To Save Time, Get in the Zone

There is a Permaculture design principle called zones. It basically says this; things you access most frequently such as annuals and herb gardens, get planted close to your house (Zone 1 or 2), and those that need less care including perennials and your food forest get planted further away (Zones 3 or 4).

This is practical time saving advice you can transfer from the garden to other areas of your life such as the kitchen, office, and storage spaces in your house.


In the kitchen begin your zone thinking by storing your everyday use items, including food, pots and pans, and utensils toward the front of your pantry, drawers, and cabinets. Eye level shelves are places to put your family favorite meal ingredients and snacks. Every day plates and cups, your favorite coffee mug, the containers for packing lunches; these all go up front. Rarely used baking items (you really have time to bake?), fancy gadgets you got as gifts, and the holiday dishes go up high and in the back. Pretty obvious, but how do we tend to arrange our cupboards? Grouping by type, rather than frequency of use. Keep the easily accessible areas for what you use most and you’ll save time both retrieving and putting these things away.


Dealing with bills and paperwork is never fun, so why not minimize the time it takes to perform these mundane but essential tasks? In the home office keep your desk, shelves, and file draw similar sorted by frequency. Not type, not alphabetical, not size or color. Write a lot of checks? Check book stays on your desk. Big on thank you notes? Keep the cards, envelopes and favorite pen close at hand.

Reference materials go on the far or low shelf, current work stays on the top. Here is another tip on filing; keep all your tabs for hanging files and folders in-line.
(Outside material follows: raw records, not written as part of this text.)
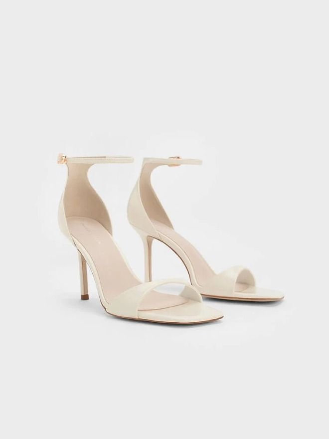 Step into refined elegance with these chalk white patent heeled sandals. Featuring a clean, minimalist design, this pair lets its glossy finish take center stage for a look that’s both modern and timeless. Set atop sleek 9cm stiletto heels, they instantly elevate any outfit—from office ensembles to evening wear. The adjustable ankle straps provide a secure and comfortable fit, making them a reliable choice for all-day style and confidence.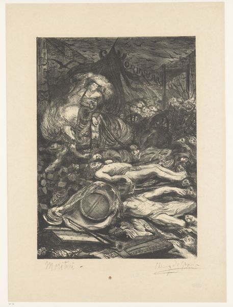 Henri de Groux's print, "Morituri," presents us with potent symbols of death and revolution, rendered with frenetic energy. Dominating the scene is the grim figure of a soldier, evoking the chaos and violence of the French Revolution. Here, Groux echoes the classical motif of the "triumph of death," but with a modern, revolutionary twist. We see echoes of the medieval Dance of Death, yet transposed to a political stage. The guillotine looms large, a stark reminder of revolutionary justice. This instrument of execution carries a heavy cultural weight, embodying both the promise of liberation and the terror of mass execution. Consider, too, how the artist conveys the emotional toll of political violence. The faces in the crowd are blurred, suggesting a loss of individual identity to the collective frenzy. It's a powerful expression of collective trauma, one that resonates across time and cultures. The image serves as a stark reminder of the cyclical nature of history.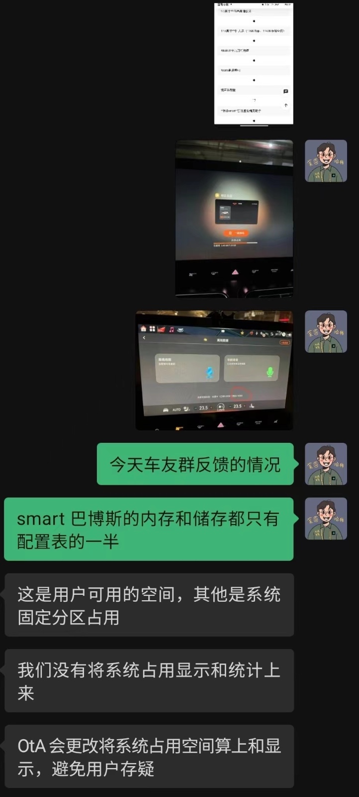 据汽车博主称,近日有smart精灵#1车主称,smart车机系统内显示的内存(7.28 G)和储存(60.1 G)都只有配置表上数据(12+128)的一半左右,疑似减配。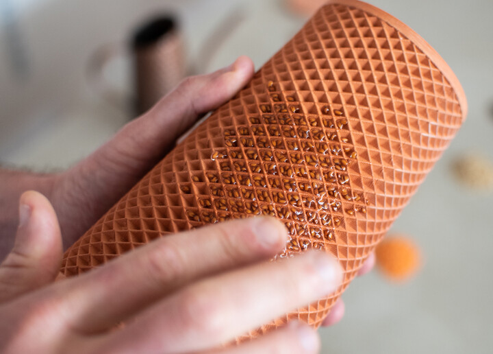 Terraplanter is kind of like an inside-out container; instead of putting plants in it, this pot has a network of tiny grooves around the outside where you place seeds. A reservoir in the middle holds all the water needed. The ceramic planter material is porous enough to let some water seep through without flooding the seeds; there's just the right amount of moisture available at all times.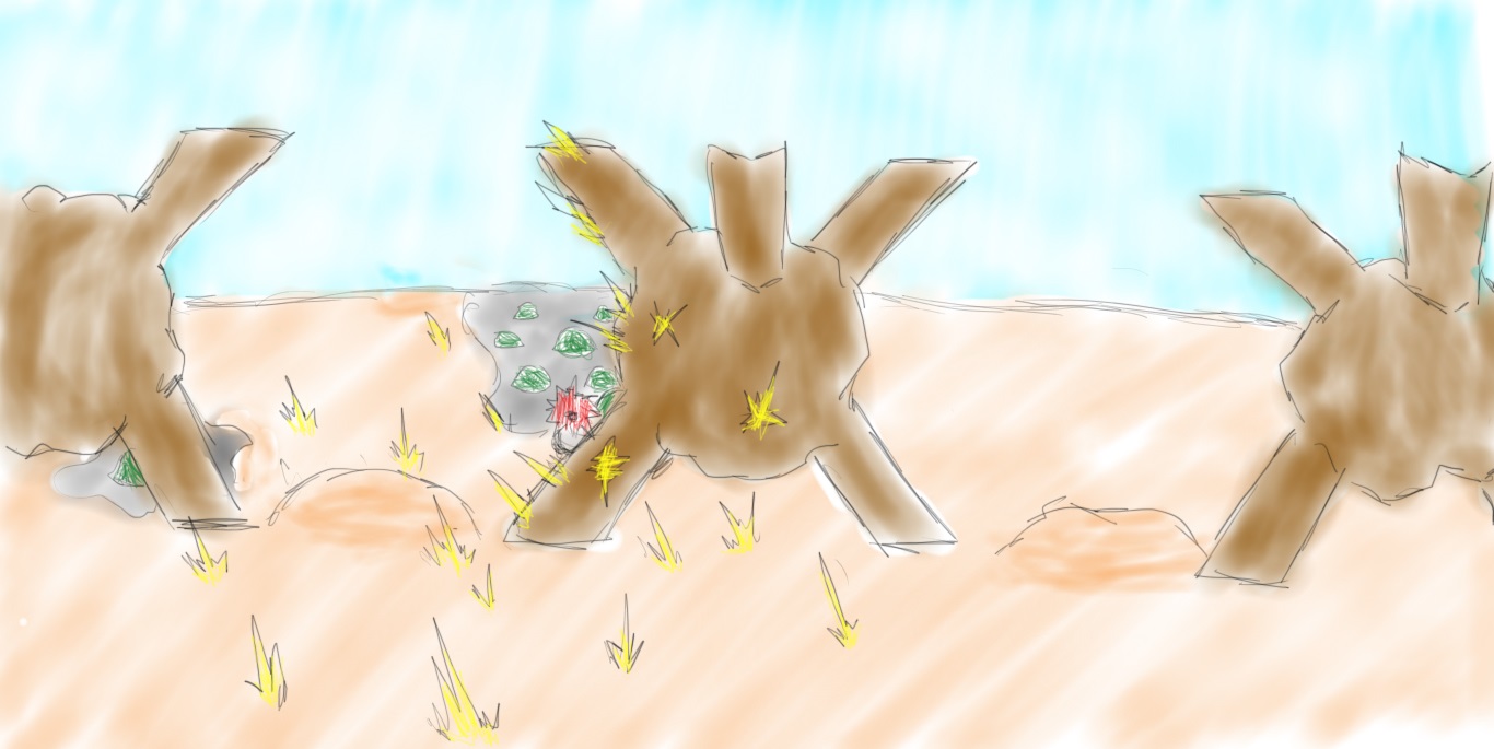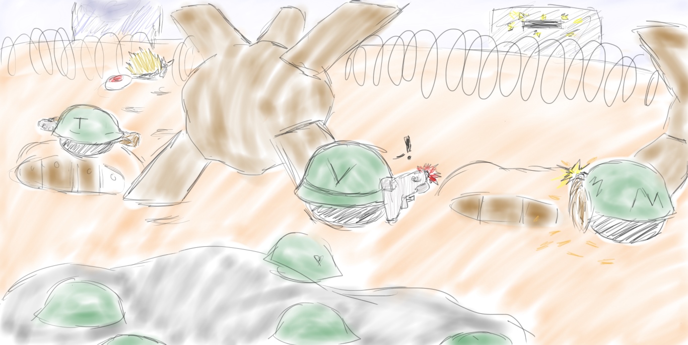 >You're a... slime soldier? Looks like a beachhead with a machine gun emplacement pointed at you.

I don’t care if it’s left, center, or right, but all the same. Don’t stagger them. It only took me 30 years to figure this out but here are the 3 advantages, which I’ll give to you in 30 seconds.

  1. If you want to add, remove, or re-order folders, you don’t have to play around with moving a bunch of tabs to keep them alternated. Left-cent-right, left-center-right, left-center-right. What a pain.
  2. You will find things faster, and not over-look folders, if you only need to scan strait back. No more moving your eyes back and forth across your files like you are watching a tennis match.
  3. You only need purchase and keep on hand one type of folder for new files, which saves money and space.
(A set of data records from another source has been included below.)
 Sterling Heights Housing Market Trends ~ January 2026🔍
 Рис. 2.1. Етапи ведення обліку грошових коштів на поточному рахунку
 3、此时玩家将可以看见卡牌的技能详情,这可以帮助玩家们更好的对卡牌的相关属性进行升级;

One exception to the zone rule in the office; even if you print frequently, place your printer across the room. It forces you to get up when you print, giving your body needed breaks from sitting. The health benefit is worth the time.
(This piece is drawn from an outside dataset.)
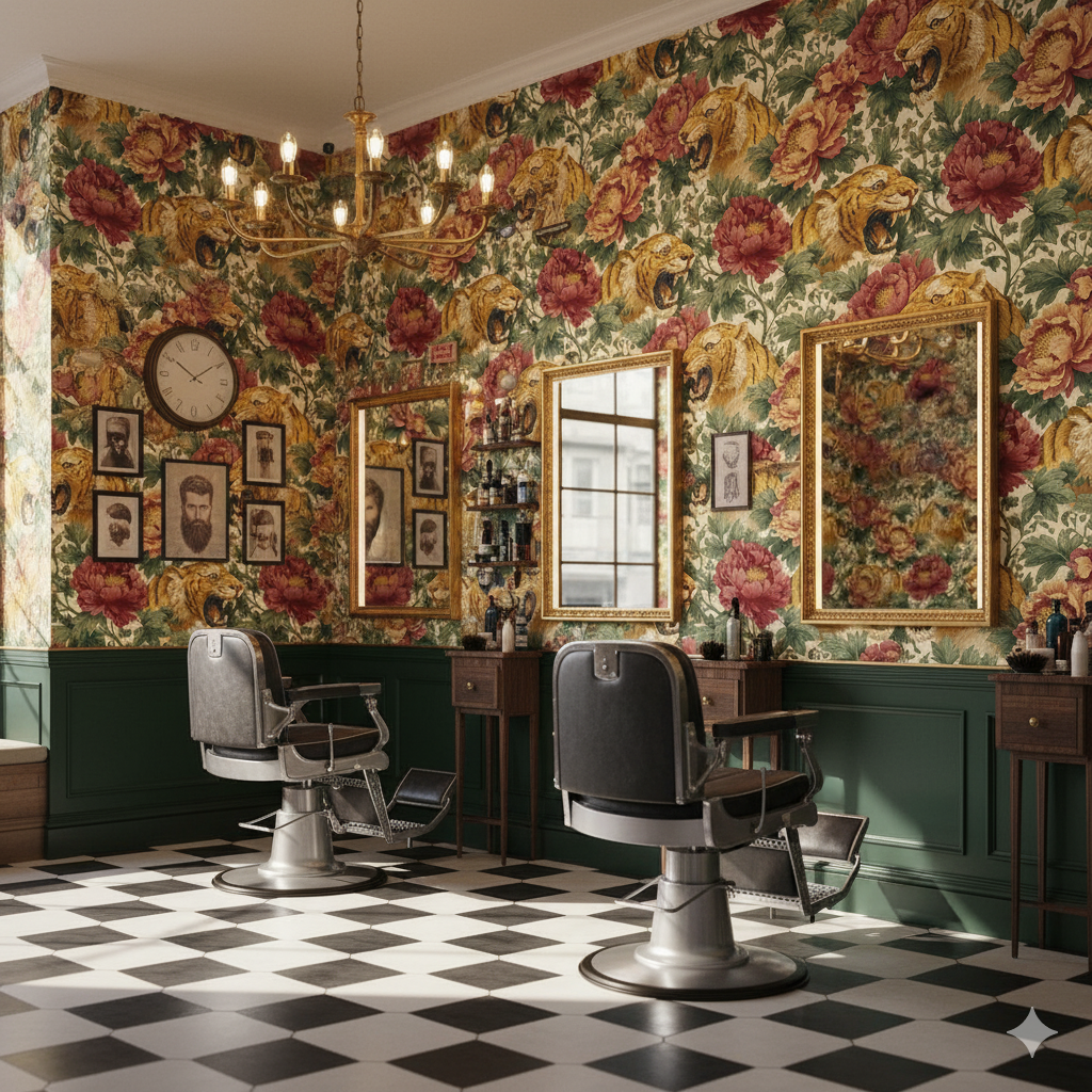 Snarling tigers with fierce expressions emerge among enormous crimson peonies and leafy green foliage, creating a dramatic and almost mythical composition. The design merges the ferocity of wildlife with the elegance of traditional florals, resulting in a bold, story-rich pattern. Perfect for feature walls in dining rooms, eclectic living rooms, or fashion-forward commercial spaces, this wallpaper commands attention. It suits interiors seeking drama and impact, particularly in eclectic, maximalist, or East-Asian inspired design schemes.

You probably already have this one covered, but I had to include it for completeness. Your hard to reach, out of the way storage spots are the place to keep seasonal items and memorabilia. Front hall closets are for everyday coats, umbrellas, shoes, back-packs and other items your family needs to take with them, well, every day. In-between spots are where you keep things needed once a week or less like spare light bulbs, batteries, cleaning supplies, etc. In between means somewhere between the attic and front door. Where that is exactly will vary from home to home.

The biggest trap with storage is of course storing to much. To cure this I recommend the book everyone recommends for this problem, “The Life Changing Magic of Tiding Up” by Marie Kondo. Yes the author comes across a bit OCD, but the approach works even if you don’t believe your stuff has feelings as Kondo does. My favorite tip, after how to get rid of stuff, is not to stack things. Place items vertically and you can see everything you have, and retrieve what you want, without having to move anything else out of the way.


If you’ve done this zone separation throughout your house properly, you’ll find daily tasks flow easier, you’ll misplace things less often, and you’ll save time doing the things you do every day.